Data provided Block Start
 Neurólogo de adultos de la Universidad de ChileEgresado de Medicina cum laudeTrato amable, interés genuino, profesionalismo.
Data provided Block End
Data provided Block Start
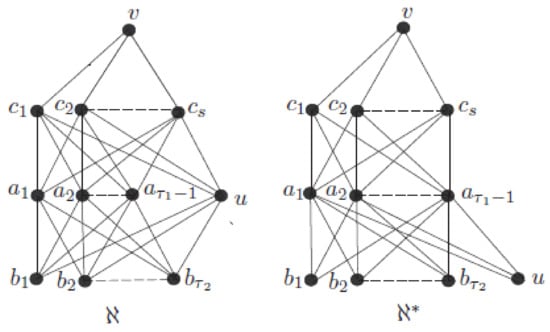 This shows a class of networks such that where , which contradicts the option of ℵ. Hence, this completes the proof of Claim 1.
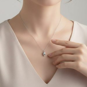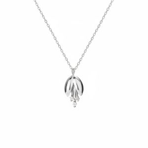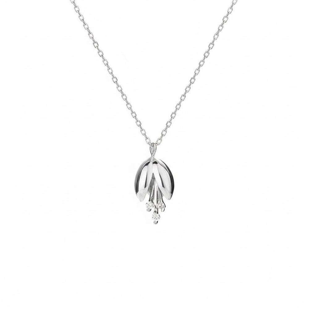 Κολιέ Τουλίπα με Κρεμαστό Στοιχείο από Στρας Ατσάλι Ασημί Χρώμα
Data provided Block End
Data provided Block Start
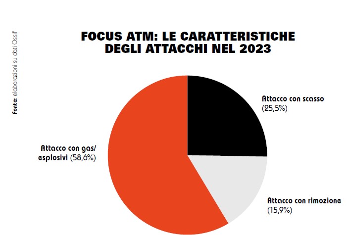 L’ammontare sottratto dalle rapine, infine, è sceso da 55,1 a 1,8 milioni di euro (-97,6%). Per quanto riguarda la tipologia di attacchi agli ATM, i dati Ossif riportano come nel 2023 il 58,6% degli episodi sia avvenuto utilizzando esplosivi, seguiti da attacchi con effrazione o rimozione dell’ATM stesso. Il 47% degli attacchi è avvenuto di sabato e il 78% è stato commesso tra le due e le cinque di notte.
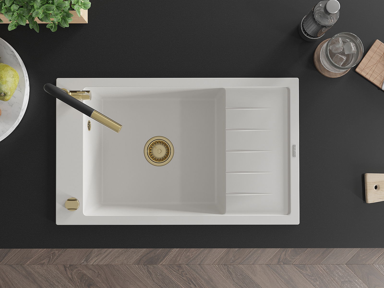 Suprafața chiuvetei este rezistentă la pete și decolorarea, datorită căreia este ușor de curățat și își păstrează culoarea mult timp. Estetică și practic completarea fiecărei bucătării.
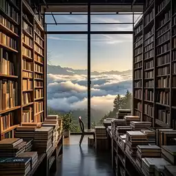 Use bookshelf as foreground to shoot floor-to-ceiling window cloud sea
Data provided Block End
** Task goal **
Copy word for word the span of the records above that begins at the line with "Suprafața chiuvetei este" and ends at the line with "Use bookshelf as", including those two lines but not the pictures.

** Task response **
 Suprafața chiuvetei este rezistentă la pete și decolorarea, datorită căreia este ușor de curățat și își păstrează culoarea mult timp. Estetică și practic completarea fiecărei bucătării.
 Use bookshelf as foreground to shoot floor-to-ceiling window cloud sea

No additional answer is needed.